Та к много изменилось за эти полгода в моей голове и сердце. Росио научила меня одеваться как «настоящая доминиканская девушка». Она причесывает меня и помогает с макияжем, и порою я смотрю на себя в зеркало и не понимаю, кто я теперь на самом деле. Только не подумайте, что мне здесь плохо. Если бы прилетел воздушный шар, чтобы унести меня прямиком к дому U2, я не уверена, что села бы в корзину. (Но с моим братцем-предателем я до сих пор не разговариваю.) Честно сказать, я даже подумываю, не задержаться ли здесь еще на год. Абуэла меня никуда бы не отпустила – я буду скучать по тебе, говорит она так просто, что это не может не быть правдой, а мать сказала, что я могу остаться, если захочу, но дома мне тоже будут рады. По словам тети Рубелки, спуску она себе не дает, моя мать, у нее опять две работы. Они прислали мне фотографию всей семьи, абуэла поставила ее в рамку, и стоит мне глянуть на них, как у меня щиплет глаза. Мать больше не носит фальшивую грудь, она выглядит такой худой, что ее трудно узнать.

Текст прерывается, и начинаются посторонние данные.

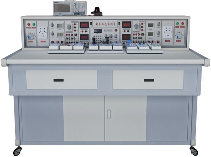 實訓(xùn)桌為鐵質(zhì)雙層亞光密紋噴塑結(jié)構(gòu),桌面為防火、防水、耐磨高密度板,結(jié)構(gòu)堅固。實訓(xùn)桌下方設(shè)有柜子,可以放置實訓(xùn)模塊和工具以及資料等,還設(shè)有四個帶剎車的輪子,便于移動和固定。
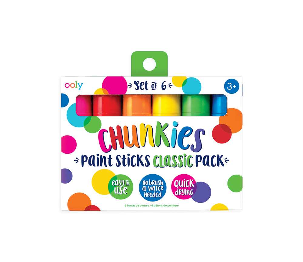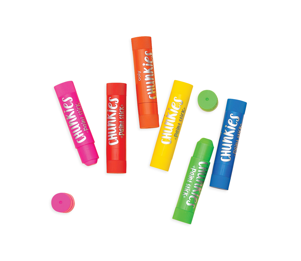 6 leuchtende Farbstifte Neon Chunkies von OOLY. Die Stifte sind einfach im Gebrauch, einfach Kappe entfernen und aufdrehen, von der Handhabung und Effekt her wie ein Wachsmaler mit coolen Neonfarben. Ein toller, innovativer Malspaß für kleine Künstler, die gern mit Farben experimentieren.
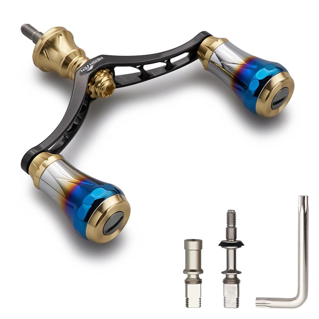 HEIGHTEN Reel Aviation Compatible with Shimano and Daiwa Spinning Arch Aurora Knob Black V3.0 80/98mm Handle, Aluminum, Reels, (Gold & Handle, 80mm)

Знай, я за тебя жизнь отдам, сказала она в последний раз по телефону. И мигом повесила трубку, ответить я не успела.
Впрочем, не об этом я хотела рассказать. Но о том безумном чувстве, из-за которого все это закрутилось, о колдовском чувстве, что сочится из моих костей, пропитывая меня целиком, как кровь вату. Чувство, что подсказывает мне: моя жизнь скоро изменится. Оно вернулось. Не так давно я проснулась от всяких дурацких снов, а оно уже пульсировало во мне. Это как если бы во мне сидел ребенок. Сперва я испугалась, вообразив, что это чувство опять велит мне сбежать, но каждый раз, когда я расхаживала по дому или смотрела на бабушку, чувство становилось сильнее, и я поняла: тут что-то другое.

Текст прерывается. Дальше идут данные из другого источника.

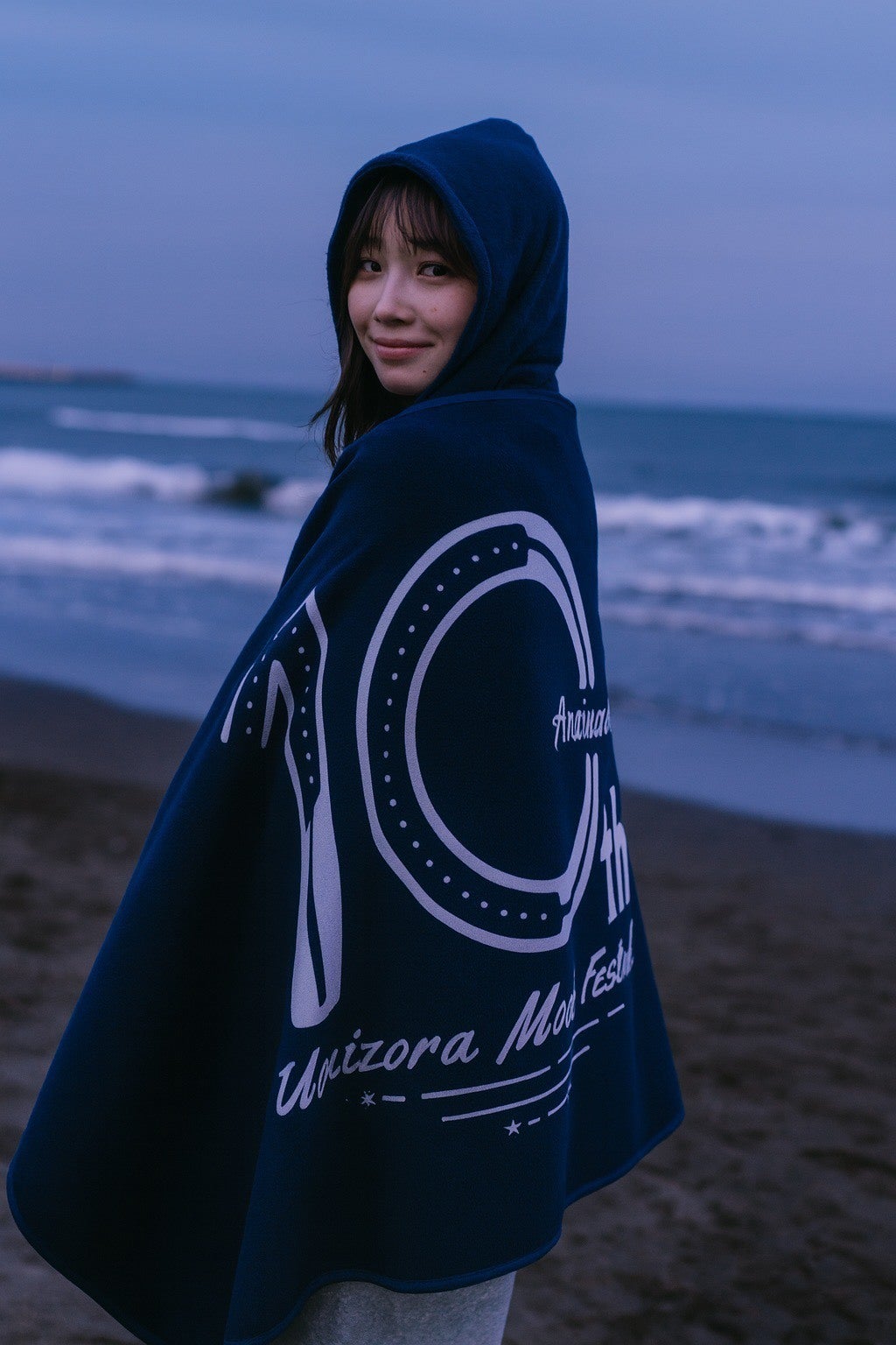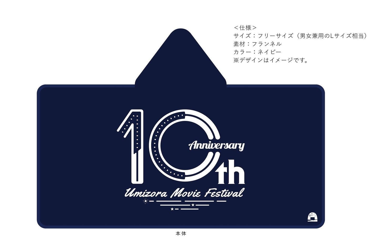 10周年を記念した、限定デザインのフード付きブランケット!砂浜での映画鑑賞など、少し肌寒い時にさっと羽織るのに最適です。
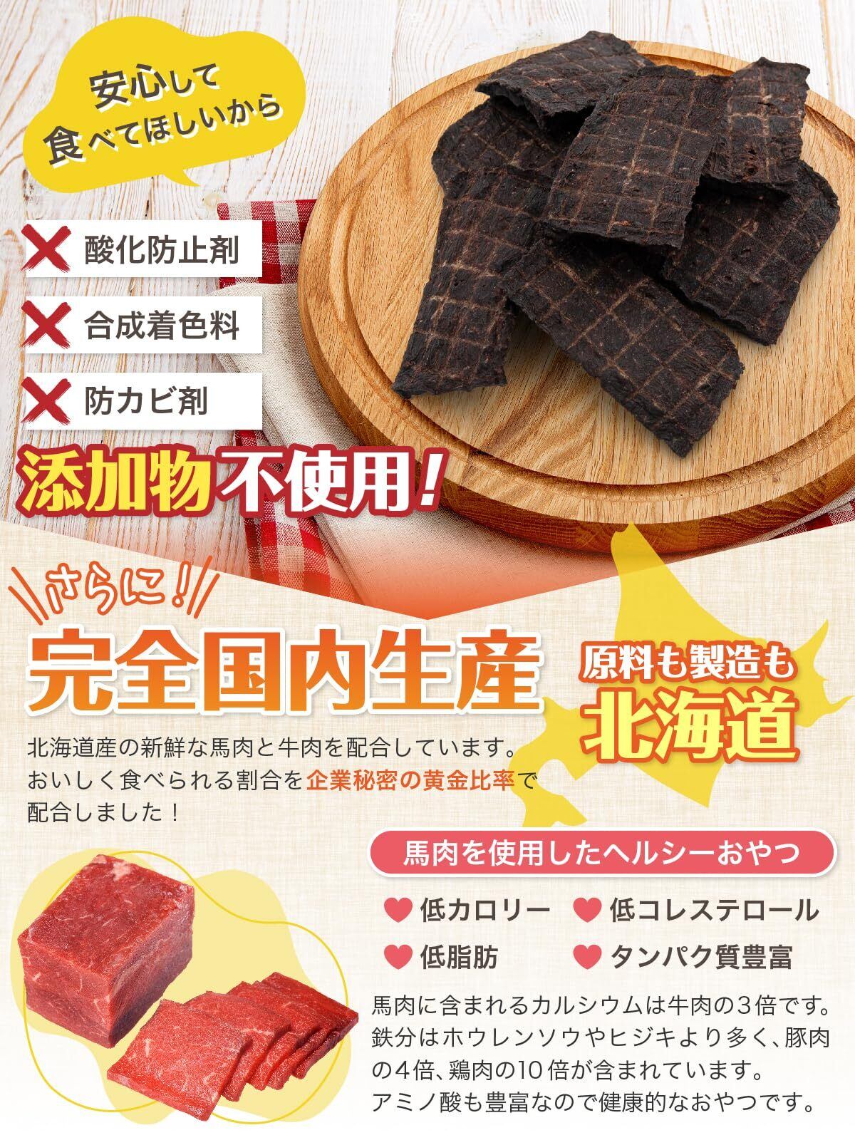 新鮮な北海道産牛肉と馬肉を使用し、無添加・無着色の安心安全な馬肉と牛肉をミックスした愛犬のおやつです。躾のご褒美や食欲のない時に与えて下さい。

К этому времени я уже встречалась с парнем, симпатичным черненьким пацаном по имени Макс Санчес; познакомилась я с ним в Лос Мина в гостях у Росио. Роста он невысокого, но его улыбка и прикольные шмотки искупают многое. Поскольку я из Нуэва Йоля, Нью-Йорка, он любит поговорить о том, как он непременно разбогатеет, а когда я пытаюсь объяснить, что мне на это плевать, он смотрит на меня как на чокнутую. У меня будет белый «мерседес», заявляет он. Ту верас, вот увидишь. Но больше всего мне нравится его работа, из-за нее между нами все и началось. В Санто-Доминго два-три кинотеатра часто делят одну копию фильма, и когда первая бобина заканчивается, то ее вручают Максу, и он несется на мотоцикле на бешеной скорости в другой кинотеатр, потом возвращается, дожидается второй бобины – и так до конца фильма. Если его остановят полицейские или он попадет в аварию, а первая бобина закончится, вторая же не подоспеет, зрители начнут швыряться бутылками. До сих пор ему везло, говорит он и целует медаль Св. Мигеля. Благодаря мне, хвалится он, из одного фильма получается три. Я тот, кто делает кино. Макс – парень не «высшего разряда», как выразилась бы моя абуэла, и если бы заносчивые стервы из школы увидели нас вместе, их бы удар хватил, но мне с Максом хорошо. Он открывает передо мной дверь, называет «смуглянкой», а когда расхрабрится, нежно погладит меня по плечу и тут же отдернет руку.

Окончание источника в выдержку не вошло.